Re: [Bug 219609] File corruptions on SSD in 1st M.2 socket of AsRock X600M-STX + Ryzen 8700G

From: Stefan
Date: Thu Feb 06 2025 - 10:58:58 EST


Hi,

after Matthias was so kind (more than me) to make a video (!) for the
ASRock support, and after I once again referred to this thread and the
many users who have the same problem, ASRock is able to reproduce the
issues.

Ralph, all tests in comment #40 (including the network issue) where run
twice, because I did not collect logs and lspci outputs the first time.
(The corruptions seem to depend on which PCIe devices / lanes (?) are
used. That's why I also included the lspci outputs.)

(As announced in initial message, I cannot run tests ATM and for a while.)

Regards Stefan


Am 03.02.25 um 19:48 schrieb Stefan:
Hi,

just got feedback from ASRock. They asked me to make a video from the
corruptions occurring on my remotely (and headless) running system.
Maybe I should make video of printing out the logs that can be found an
the Linux and Debian bug trackers ...

Seems that ASRock is unwilling to solve the problem.

Regards Stefan


Am 28.01.25 um 15:24 schrieb Stefan:
Hi,

Am 28.01.25 um 13:52 schrieb Dr. David Alan Gilbert:
Is there any characterisation of the corrupted data; last time I
looked at the bz there wasn't.

Yes, there is. (And I already reported it at least on the Debian bug
tracker, see links in the initial message.)

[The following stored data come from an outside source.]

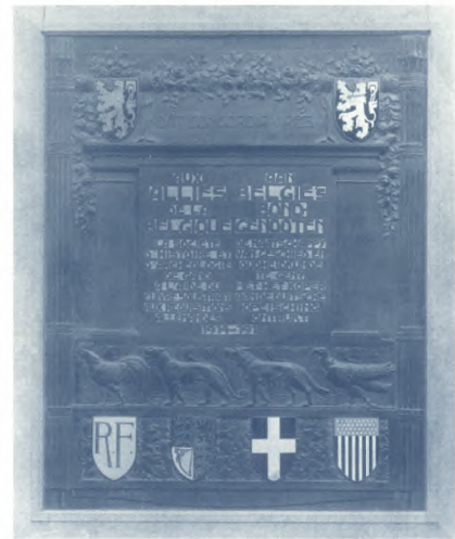
Gedenkplaat belfort SAG, SCMS, nr. 576

Afbeeldingen van geallieerde militairen zijn heel wat zeldzamer. We vinden ze bijvoorbeeld terug op het Gentse oorlogsmonument op de Westerbegraafplaats. In één geval heeft de geallieerde soldaat zelfs een naam: Reginald Warneford. Een gedenksteen in de Visitatiestraat en een straatnaam in de buurt verwijzen nog naar deze Britse gevechtspiloot die in 1915 boven Gent de allereerste Duitse zepelin neerschoot.
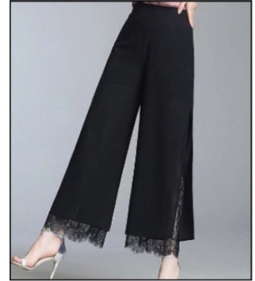
شلوار چاک دار
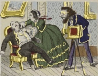
Effet produit sur un monsieur qui a subi plusieurs poses.
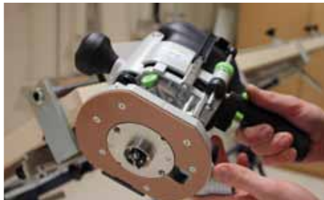
Afb. 7 Freesmachine, geleidering en beitel
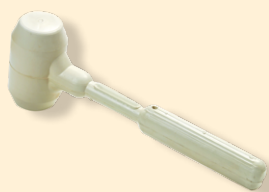
Maillet caoutchouc blanc

f3 reports overwritten sectors, i.e. it looks like the pseudo-random
test pattern is written to wrong position. These corruptions occur in
clusters whose size is an integer multiple of 2^17 bytes in most cases
(about 80%) and 2^15 in all cases.

The frequency of these corruptions is roughly 1 cluster per 50 GB
written.

Can others confirm this or do they observe a different characteristic?

Regards Stefan


I mean, is it reliably any of:
    a) What's the size of the corruption?
           block, cache line, word, bit???
    b) Position?
           e.g. last word in a block or something?
    c) Data?
           pile of zero's/ff's junk/etc?

    d) Is it a missed write, old data, or partially written block?

Dave

Puh.  I'm kinda lost on what we could do about this on the Linux
side.

Because it also depends on the CPU series, a firmware or hardware issue
seems to be more likely than a Linux bug.

ATM ASRock is still trying to reproduce the issue. (I'm in contact with
them to. But they have Chinese new year holidays in Taiwan this week.)

If they can't reproduce it, they have to provide an explanation why the
issues are seen by so many users.

Regards Stefan